Ermanno Wolf-Ferrari gehörte vor dem Ersten Weltkrieg zu den meistgespielten Opernkomponisten. Dieser deutsch-italienische Tonsetzer hat aber auch gehaltvolle Kammermusik geschrieben, die ihm selbst wichtig war. Aus diesem Bereich bringen die beiden Interpreten die drei Sonaten für Violine und Klavier zu Gehör. Diese wenig bekannten Sonaten in romantischem Stil entstanden zu verschiedenen Zeitpunkten. Die erste schrieb der 19-jährige noch im Studium in München. Trotz ausgedehnter Gestaltung, die man der Unerfahrenheit zuschreiben darf, überzeugt sie schon mit ihrer Frische, partiell geradezu reizvoller Wirkung. Persönlicher im Ausdruck ist die Zweite, bei der er deutsches und italienisches Idiom verbindet. Die späte dritte Sonate geht mit neoklassizistischen Formen neue Wege. Trotz einer nicht machbaren Kategorisierung vereint seine Werke sein Streben nach einer Schönheit, die auf Wohlbefinden und Sinnlichkeit, nicht auf Regeln setzt.
Der Geiger David Alogna und der Pianist Costantino Catena bieten diese selten zu hörenden Werke nun in der wohl zweiten Gesamteinspielung an. Alogna gibt den ohnehin ausdrucksvollen Stücken seine gesamte gestalterische und auch technisch-spielerische Kraft mit. Bei sicherer Beherrschung des Metiers schafft er streckenweise Klänge, die neben der Musik auch vom Einsatz des Instrumentes begleitet werden. Wenn man Romantik bzw. romantisch heute meist mit einem sentimentalen Zustand des Reichtums an Gefühlen verbindet, so präsentiert Alogna die Musik und sich so gefühlsstark, dass man manchmal schlichtweg überwältigt sein mag. Wenn man den Reichtum an Gefühlen auch im Sinne eines versonnen Träumenden versteht, dann fehlt etwas Besinnliches an diesem Ausdrucksbemühen. Anders als in seiner Castelnuovo-Tedesco Interpretationen (Pizzicato-Rezension)
meint man, hier möglicherweise den teutonischen Anteil in Wolf-Ferrari stampfen zu hören, wo ein kraftvolles Ausschreiten gereicht hätte.
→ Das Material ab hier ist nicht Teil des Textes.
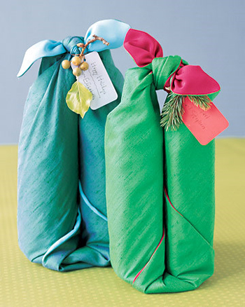 Da bi uobičajan poklon u vidu vina ili drugog pića prezentovali na drugačiji način upotrijebite zanimljivu tkaninu s uzorkom i bojama po želji. Pratite postupak motanja na priloženim fotografijama i za kraj dodajte grančicu bora za ukras i karticu sa posvetom.
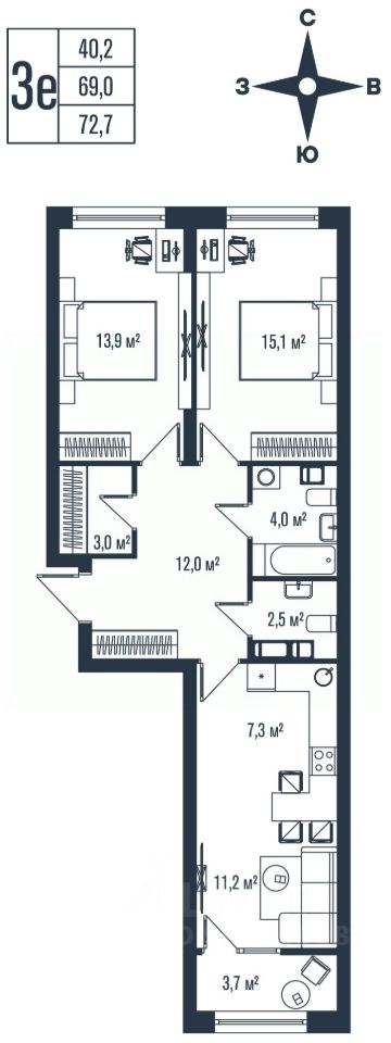 Продаётся 3-комнатная квартира в сданном доме (Дом 2), срок сдачи: IV-кв. 2025, общей площадью 72.7 кв.м., на 14 этаже. Новый жилой комплекс ''Футурист'' от застройщика ''СИК Девеломпент-юг'' расположен по адресу город Владивосток, улица Карбышева.
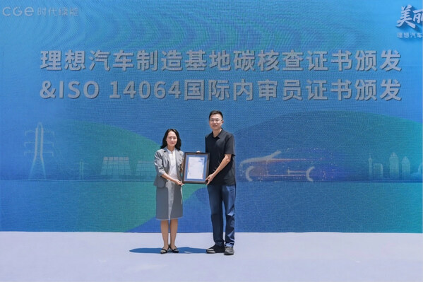 常州 2025年6月10日 /美通社/ — 2025 年 6 月 5 日,理想汽车 “美丽中国我先行” 环境日主题活动在常州举行,活动现场,SGS 向理想汽车北京和常州智能制造基地颁发碳核查证书,并对研发、制造、供应链等部门授予 ISO 14064 温室气体内部核查员证书。理想汽车制造运营负责人卫延、SGS通标常州分公司总经理朱眺茵共同出席颁证仪式。
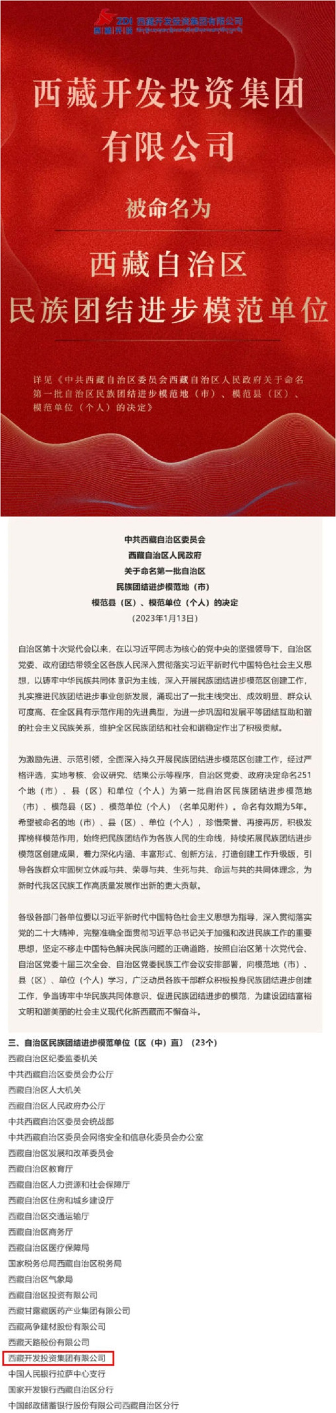 捷報(bào)傳來(lái) _ 西藏開投集團(tuán)被命名為“西藏自治區(qū)民族團(tuán)結(jié)進(jìn)步模范單位”
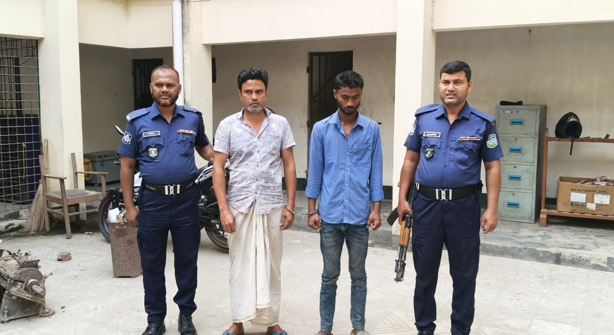 গ্রেফতার ব্যক্তিরা হলেন- একই এলাকার আজিজুর রহমানের ছেলে গোলাম কিবরিয়া মুক্তা (২৮) ও সেই ওয়ার্ডের ইউপি সদস্য নায়েব আলীর ছেলে মো: হৃদয় (১৯)।
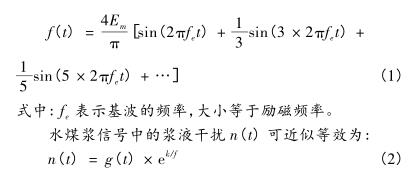 式中:g(t) 表示漿液信號的幅值,特點為隨機跳變的信號,波動比較大,f表示頻率。漿液噪聲在低頻段幅值比較大,隨著頻率的增加,漿液噪聲的幅值在減小。那么,傳感器輸出的信號s(t) 形式為:
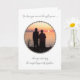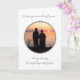 Une carte spéciale d'anniversaire de mariage destinée aux couples expérimentés, avec un coucher de soleil au bord de l'océan et les silhouettes d'un couple qui en profite ensemble, côte à côte, accompagnée des mots "Vous savez que vous avez épousé la bonne personne... quand vous profitez encore des choses simples de la vie ensemble." Photographie gracieuseté de Heidi Turner.
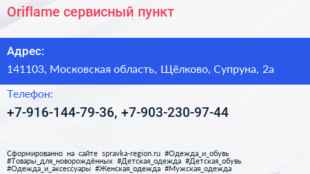 Oriflame, сервисный пункт по адресу 141103, Московская область, Щёлково, Супруна, 2а в дальнейшем Организация, размещена в следующих категориях:
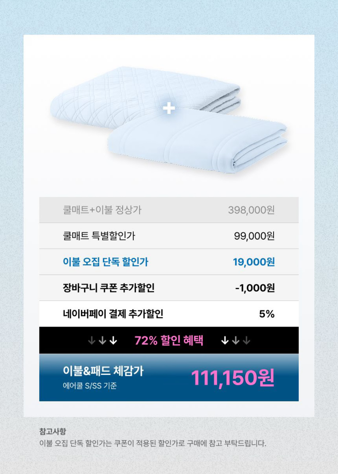 네이버페이로 쿨매트 구매 시 냉감이불 단돈 19,000원에 추가 가능하고

Costantino Catena bewährt sich daneben als aufmerksam mitgestaltender Pianist, der aber nicht den Faden der Ausdrucksformulierung an sich reißt, sondern eher wohldosiert seinen Anteil gestaltet und mit diesem Ansatz dazu beiträgt, dass die Interpretationen eine erfreuliche Bereicherung des Katalogs darstellen, da auch das Aufnahmeteam einen intensiven, aber klaren Zugang zu der Musik unterstützt.